How many books are in your reading list right now? What about sitting on the shelf, half-read or never begun? If you are anything like us, you'll have several sitting around with great titles like "The courage to be disliked", which we know will be incredibly insightful, but we just haven't got round to it.
Do not beat yourself up about it. Chances are, if you are buying the type of books that help you grow as a person and as a professional, you are already a lifelong learner. That means you are learning and developing all the time, in every conversation, setback and success. And let's face it, the people who write these books are often not the greatest literary talents. Sure, the ideas are dynamite, but what are the chances of being, say, an expert in behavioural psychology and an incredible writer?
Some of these books are not easy to get through, and others need to be read when you are ready to read them, and receptive to what they have to say. With that in mind, here are five books we recommend for the summer that are really well written and also inspire practical improvements in the way we work and live.
We always throw you a curveball, don't we? Blinkist is not a book about someone who needs sunglasses, but is actually an app that summarises so many influential books and podcasts into 15 minutes or less. Take personal development books like The Subtle Art of Not Giving a F*ck, or the 5am club. Blinkist squeezes the juice from these, and gives you it in one refreshing glass of ideas. That is a terrible metaphor, just to remind you how draining it is to read dull writing.
From parenting to communication, mindfulness to Web3, Blinkist condenses the core ideas into something which fits snugly into any part of your routine, whether it's a quick metro journey, or between dips in the sea. Notably, the writing is really good, and holds your attention. If you really like the condensed version, you can go read the unabridged book on your terms. There's something much more conducive to focus and retention of information in that approach, which you rarely get from going in cold to 500 pages of theory.
We'll be honest, this sat on the shelf for a while! We guess that, with all the resistance from the presenteeist culture about moving to a four-day workweek, one which lasts four hours just seemed pie in the sky. That's not really what it is about, however. Really, at its heart, this is a book about rethinking what we value. When we prioritise time as a currency, things begin to shift.
Ferris applies oft-overlooked ideas from forgotten economists, shows you how to reframe the long-haul career leading to retirement idea, and best of all, it is actually quite relatable and accessible to everyone. We can all take something from this, even if it's just a shift in perspective about what we think we have to do, because everyone else is. You'll be easy to spot on the beach reading this, because you will be the person with the facial expression that says "mind blown". You can get a flavour of his ideas in this interview with The Young Turks.
Ok, this is amazing. This is the neutron star of our list, because the matter inside these pages is dense, rich and beautiful. That means slow-going, at least that was our experience. Why? Because every two pages you stop and say "wait...what?!". This book actually charts our evolution, and before you naturally select another article to read, we have to tell you that this is not dry and distantly academic like so many others of its ilk.

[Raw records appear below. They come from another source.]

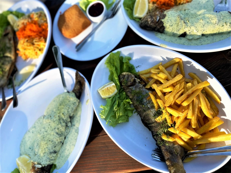 Dania rybne (pstrąg) ceny od 25 do 30 zł.
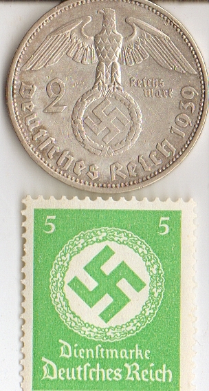 Antique: Coin *Ww2 - *German Silver Eagle Coin/Stamp + Us Ww2 Nickel ++..
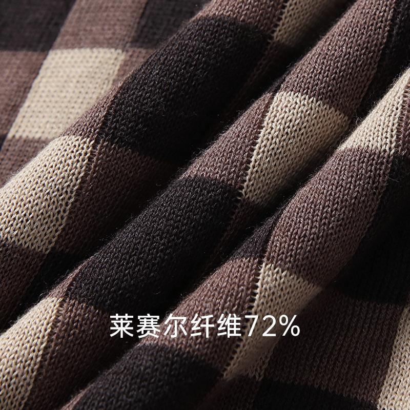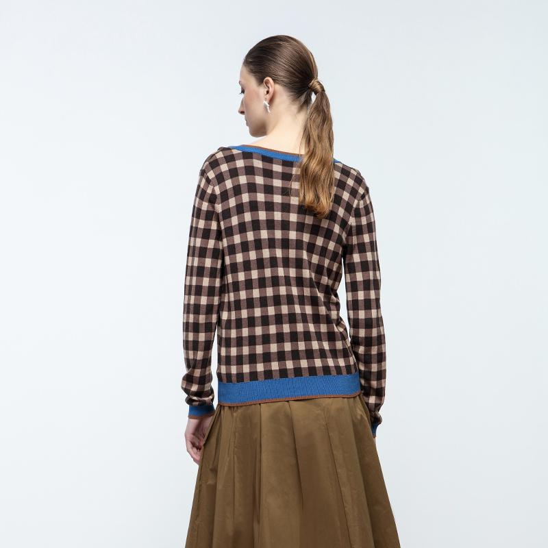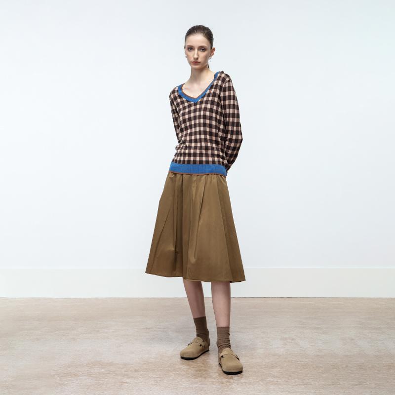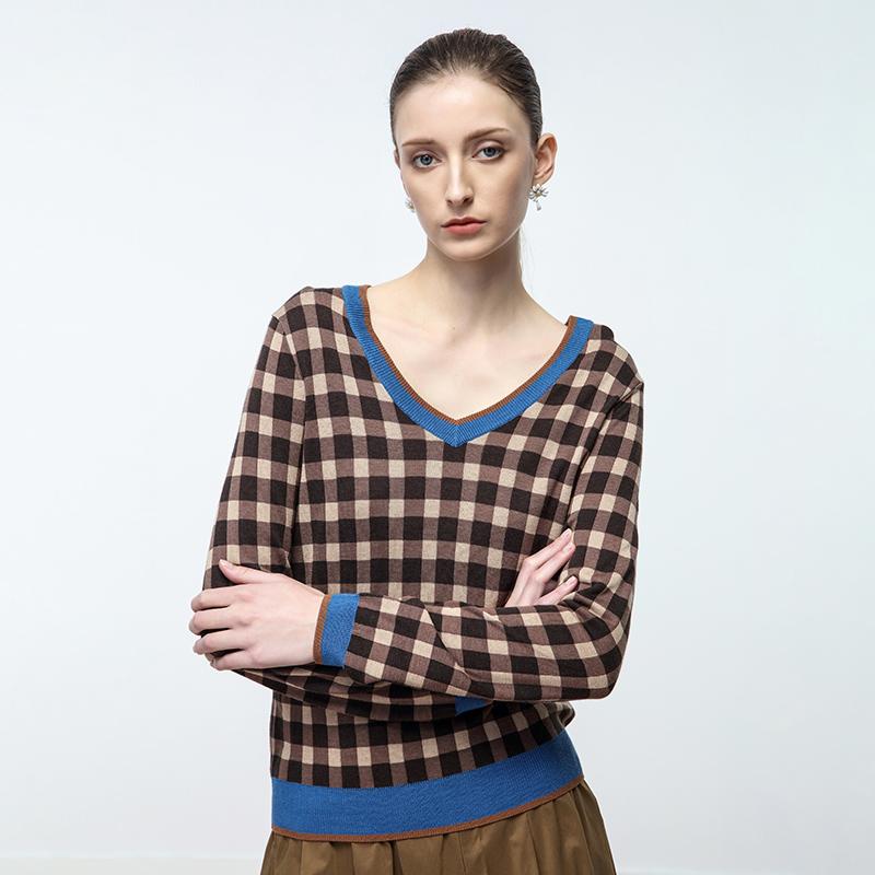 Keywearcloud奇威秋季 上衣 格子拼色V领毛衣女典雅气质针织小衫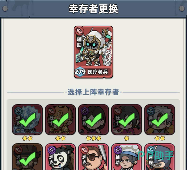 角色替换操作极为直观:进入主界面后点击【幸存者】,再触达右下角【布阵】按钮,即可查看当前上阵阵容。任意点击某位角色头像,系统将自动跳转至换人页面。从底部幸存者列表中选取目标角色,确认后即完成无损替换。特别注意:务必勾选【同步更换技能书】选项——此举可完整继承原角色的主动技能与全部被动技能,避免重复培养与技能重配,大幅节省资源投入。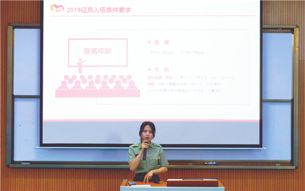 在宣讲会中,校征兵宣讲团宣讲人丘晟祯围绕“征兵入伍条件要求”“政策解读”“参军入伍政治经济待遇”“学校的相关政策”等方面进行宣讲,让同学们进一步明确当兵入伍基本条件、相关流程以及当兵的益处。期间,2018级法学2班退伍军人陈景仕以PPT、视频的形式,为在场的师生分享他的军旅生活,了解部队的真实生活。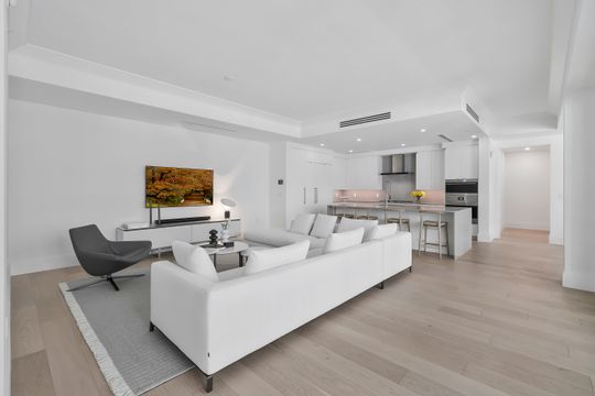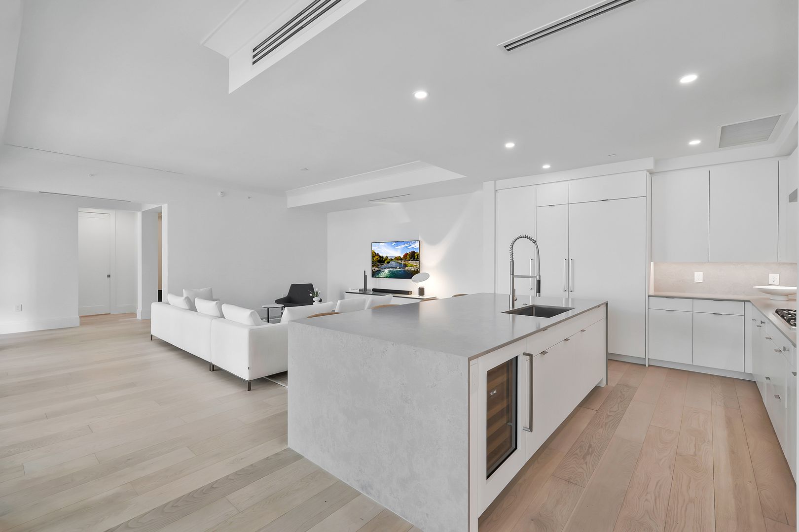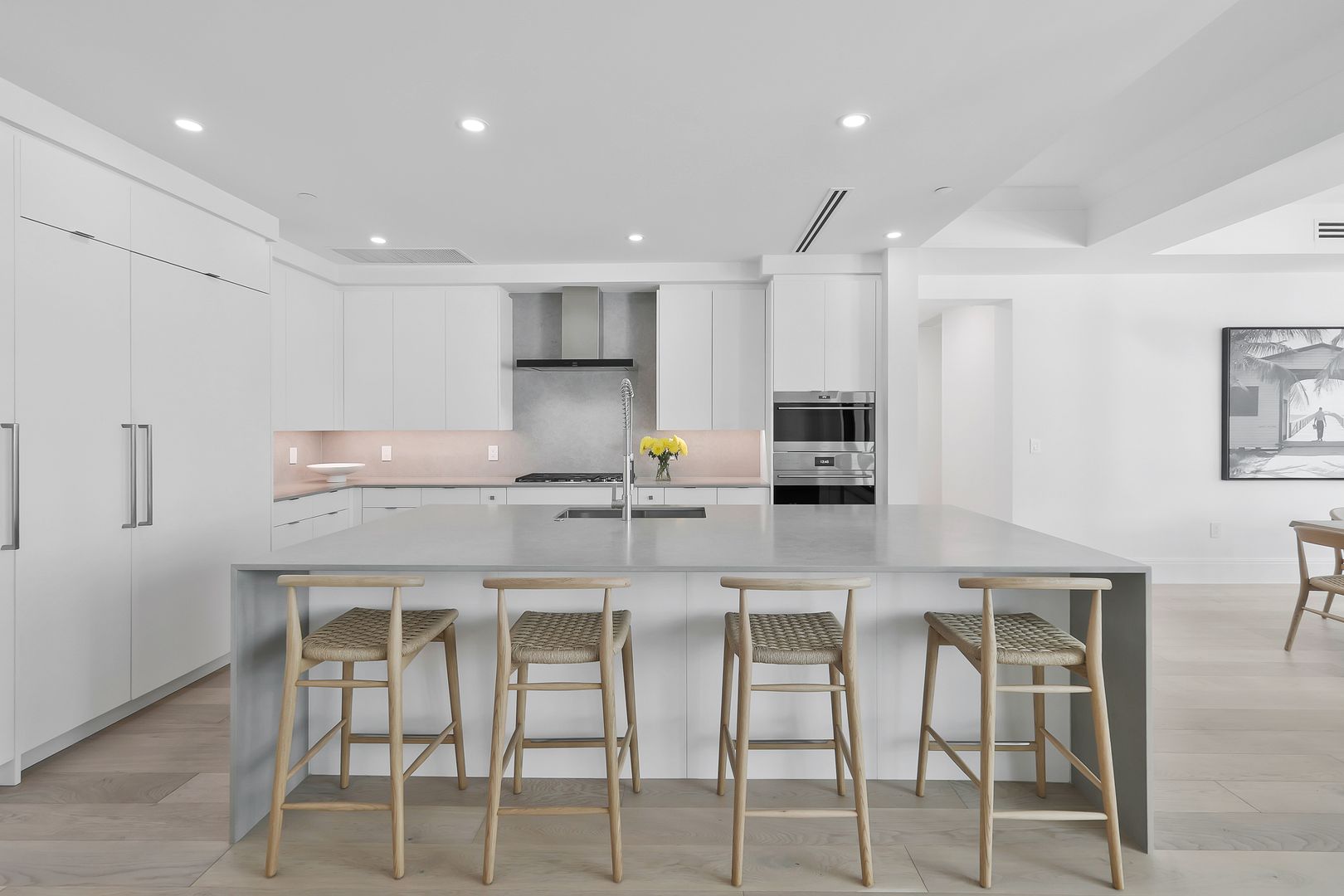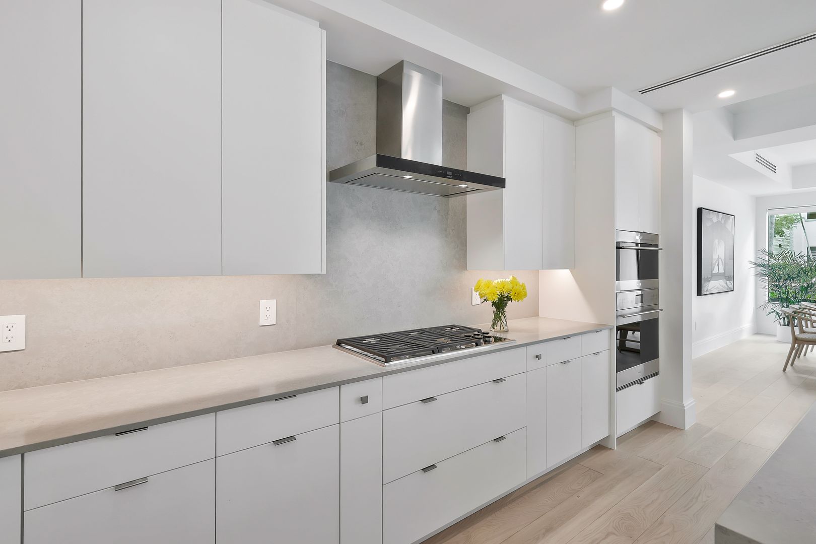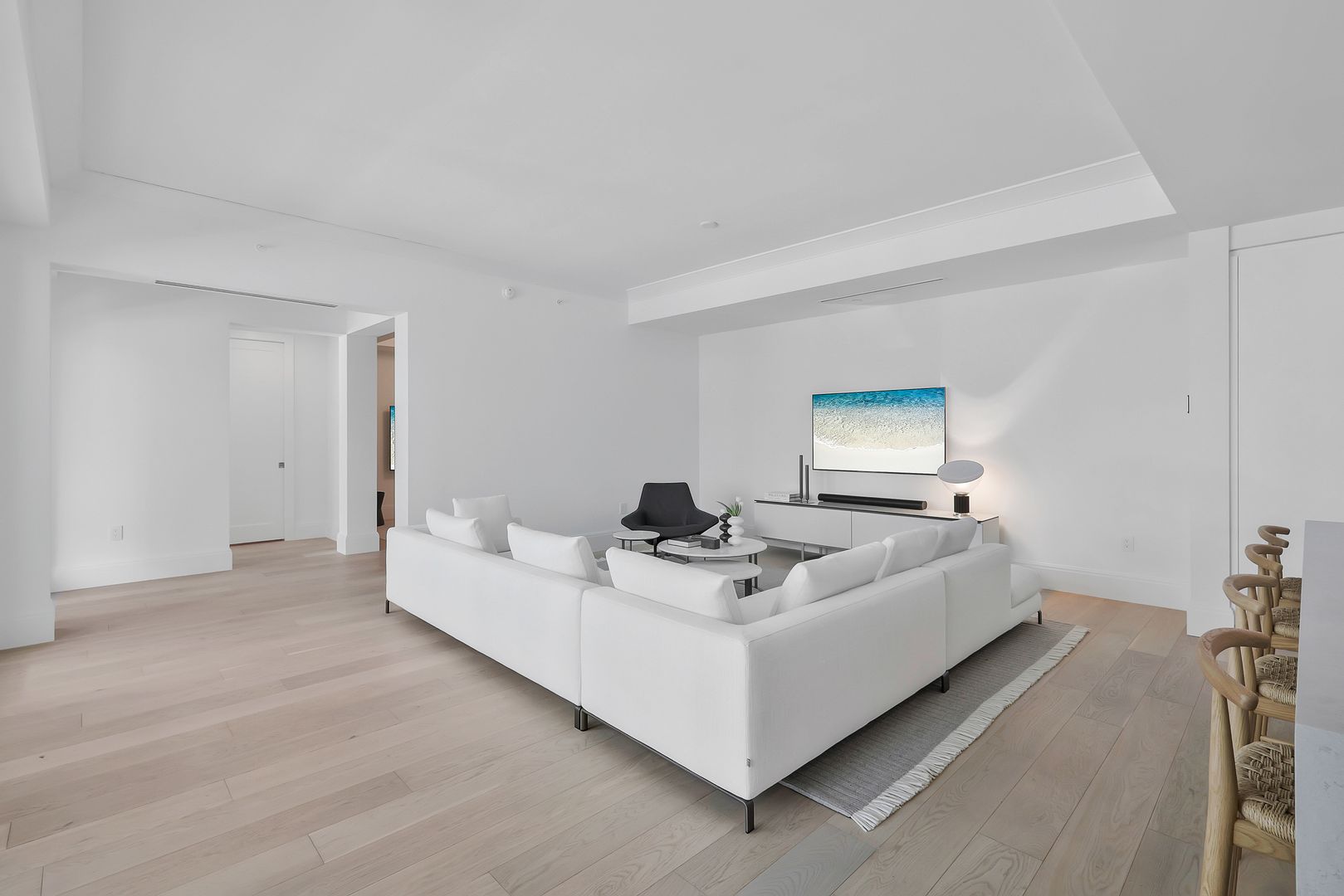 This chic two-bedroom plus den residence, complete with two deeded parking spaces, lives like a single-family home while offering the ease of a lock-and-leave condominium. A private entrance from the secured garage adds everyday convenience—especially for pet owners—and enhances the home’s privacy.

Sapiens fuses cutting edge research from psychology, biology, neuroscience, archaeology, geology, and any other -ology you can think of, really, to tell the story of how we got here. There is amazing stuff in here that makes you look around at our world in a new light, and zooms out to give us a perspective we might need as we extricate ourselves from the routine of daily work and start to recapture that lost part of ourselves amid the silence of a sunrise.
Seriously, give it a go, but give it time, and we recommend just diving in and out in short bursts to help absorb the amazing insights it contains.

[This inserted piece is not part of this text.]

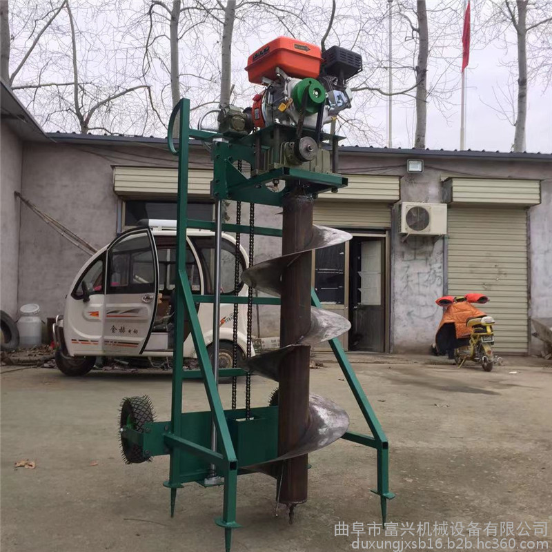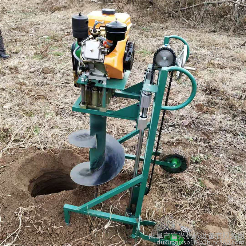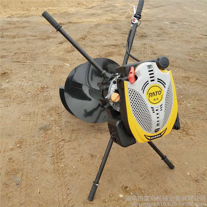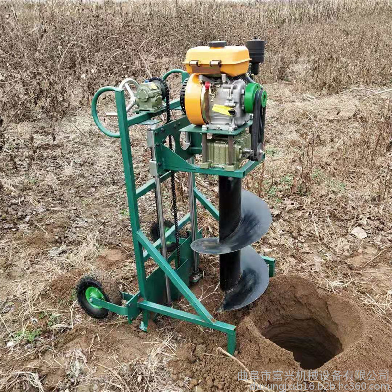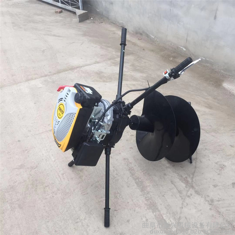 由小型通用汽油机,超越离合器,高减速比传动箱及特殊设计的钻具组成适合于<20度以下的坡地、沙地、硬质土地的植树造林或果树种植,道路两侧绿化植树等。苗木种植挖穴,畜牧围栏埋桩挖穴;葡萄胡椒种植埋桩挖穴;果树、林木施肥挖穴。挖坑直径:,200mm250 mm 300 mm 40mm。操作每小时不低于80个坑,按一天工作8小时计算,一天可以挖640个坑,是人工的30多倍。让人们从繁重的体力劳动解放出来,广泛应用于植树造林,栽种果林、篱笆、及秋季给果树施肥等。动力强劲有力,外形美观,操作舒适,劳动强度低,适合各种地形,效率高,便于携带及野外田地作业。

The life of the entrepreneur is over-romaticised. It is hard, gritty, non-linear, and endlessly humbling. Yes it can be joyful, liberating and life-changing too, but attempts to help us make sense of what it really feels like, have often fallen far short. Not so with this book. Horowitz gives us the soft underbelly of the entrepreneurial lifestyle, in the same way that Anthony Bourdain did for the world of the professional chef.
This is the stuff they never tell you. From losing friends to realising who people really are under pressure. From navigating impossible choices to finding inspiration in the face of absolute chaos, Horowitz lays it all bare with humour, candour, vulnerability and an undertone that somehow helps you reflect on your own journey and invites you to revist unlearned lessons and missed opportunities. If you are already on this path, this book will feel like a confidant. If you are getting started or just thinking about going it alone, then this book will help you do it with eyes wide open.
Have a wonderful summer, whatever books you read, don't read, put aside for later or just use to prop up that wobbly table, the most important thing is that you take care of yourself and find the time to recharge and refocus. If that means reading something inspiring and thought-provoking, then we hope these recommendations have been useful. Happy summer from the NEO team!